Detrás de este instrumento hay un factor de participación y compromiso laboral. Consiste en hacer un plan de trabajo breve y esquemático, con los siguientes pasos: 1) el supervisor prepara su propuesta; 2) esta se somete a discusión, crítica y recomendaciones por parte del personal; 3) el supervisor analiza los aportes del personal y renueva su propuesta; 4) nuevamente es sometida a discusión por parte del personal; y 5) el supervisor decide y comunica la adopción del plan de trabajo final.

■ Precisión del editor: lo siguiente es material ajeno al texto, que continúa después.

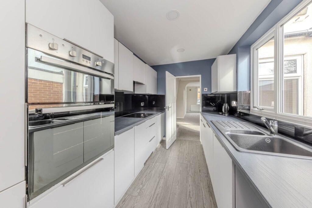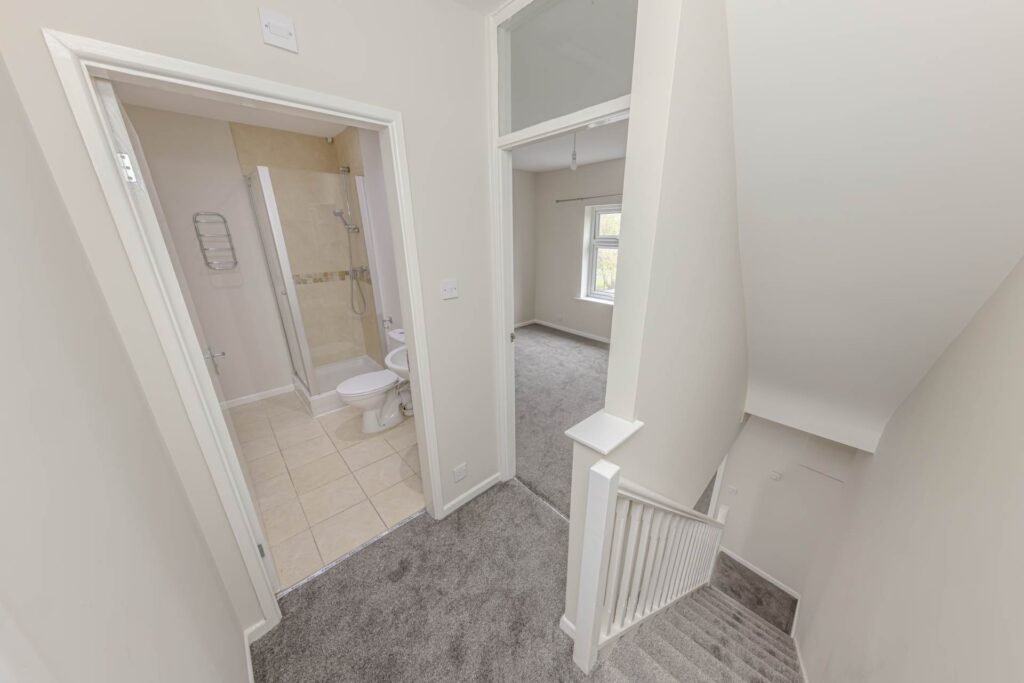 Upstairs, the property comprises two well-proportioned bedrooms, each benefiting from generous natural light and neutral tones, creating a calm and restful atmosphere. Theres a first floor shower room, fitted with modern sanitary ware and stylish tiling, providing a private retreat. The second bedroom is equally spacious, ideal for guests, a home office, or a nursery.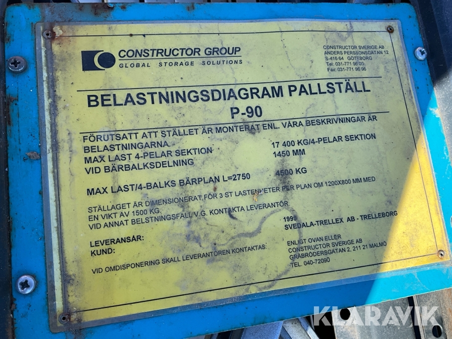 Pallställ för tung last Hövik P90

Resumen: no hay duda del fracaso del actual modelo de gestión pública. Un cambio es necesario para definir con mayor claridad la ruta por la cual debe transitar el Estado y adónde quiere llegar (resultados esperados). Si bien hemos enfatizado el gran fracaso político, la propuesta es agregar un fuerte componente técnico que fortalezca la función política. Si la función de gobierno se fortalece, todos ganamos: la población que recibe beneficios más contundentes; el jerarca que cumple con éxito su función política; y el gobierno cuya credibilidad es esencial para fortalecer la democracia. Llegamos a un punto más operativo con el plan de trabajo de cada supervisor y la participación de su equipo de servidores públicos. Y con ello le damos mayor sentido a la evaluación del desempeño, que sin estos elementos del entorno administrativo no tiene sentido.